Le conseguenze del dazio
Il dazio, entrato in vigore immediatamente, viene applicato a tutte le merci che entrano nei tre paesi dagli stati della CEDEAO, escluse quelle in transito e gli aiuti umanitari e allo sviluppo.
Il ministro dell’Economia e delle Finanze del Mali, Alousseni Sanou, ha detto che l’imposta non costituisce un onere aggiuntivo per i maliani in quanto la vecchia imposta comunitaria della CEDEAO – applicata sui beni importati da paesi esterni al blocco – viene sostituita con questa nuova imposta confederale. Di conseguenza, sostiene la giunta di Bamako, il dazio non avrà alcun impatto sulle importazioni e non inciderà sul costo dei prodotti alimentari importati.

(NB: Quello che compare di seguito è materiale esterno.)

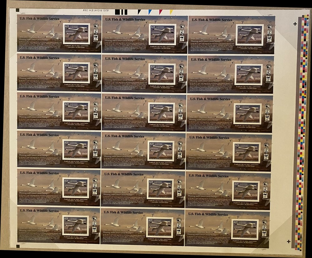 RW83a, RARE $25 Duck Press Sheet of 18 Self Adhesive Panes - Stuart Katz
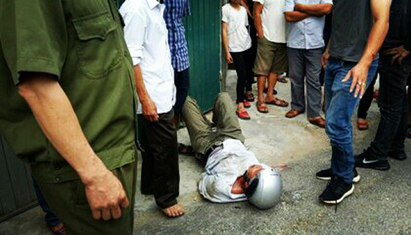 Một trong 3 thanh niên gây TNGT bị người dân khống chế. |

Questa imposta sbatte però con il Programma di Liberalizzazione del Commercio (ETLS) in cui la CEDEAO ha voluto continuare a coinvolgere i paesi dell’AES nonostante la loro uscita dal blocco. E adesso rappresenterà un ostacolo allo scorrere dei flussi commerciali tra gli stati delle due organizzazioni, facendo salire i prezzi dei prodotti alimentari in tutta la regione.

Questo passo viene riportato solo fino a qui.